Please enable CONFIG_MAGIC_SYSRQ and increase CONFIG_LOG_BUF_SHIFT by 1 or 2 so that it's plenty big enough to store a lot of data. Then, when you see this bug reproduced (a process 'frozen' and hogging CPU) please note down its PID and then run: echo t > /proc/sysrq-trigger dmesg > taskstate.txt Then attach taskstate.txt to this bug, and tell us the noted PID. This will indicate exactly where the kernel is stuck. Thanks!
Please reopen with the info requested above.
Created attachment 181057 [details] taskstate requested earlier in bug report
I have this same problem. Currently on my system the following command is taking up 100% of the CPU: cat /proc/cpuinfo It has been running for 13+ minutes. Executing this command in another terminal works just fine. I've seen this happen with cat, sed, and grep. I ran the commands suggested and dumped taskstate.txt. It is attached.

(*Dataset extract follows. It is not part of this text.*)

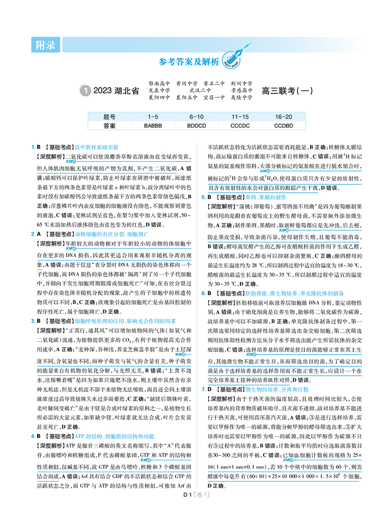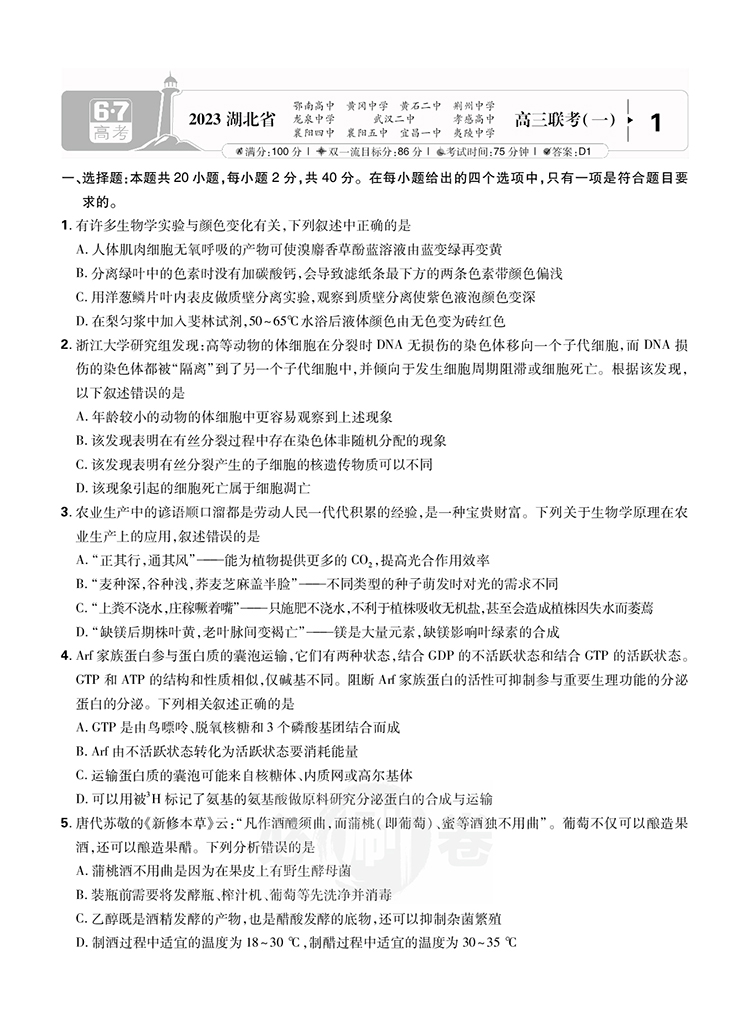 2023高考必刷卷 专题强化卷 高三冲刺 12套模拟汇编 生物

Comment on attachment 181057 [details] taskstate requested earlier in bug report The relevant PID for "cat /proc/sysinfo" is 20935
Reopening since another user has the same problem and provided necessary/desired information.
Okay, since this is one of the oldest active bugs in here it's time for some attention. Can you, gentlemen, reproduce the issue even with the latest stable gentoo-sources (gentoo-sources-2.6.30-r5)?
This is some form of heisenbug. I haven't seen it in a long time now. I'll be updating my kernel next week so I can post something more substantial then.
I'm gonna close this bug as NEEDINFO. If you ever get the same issue, feel free to update this report.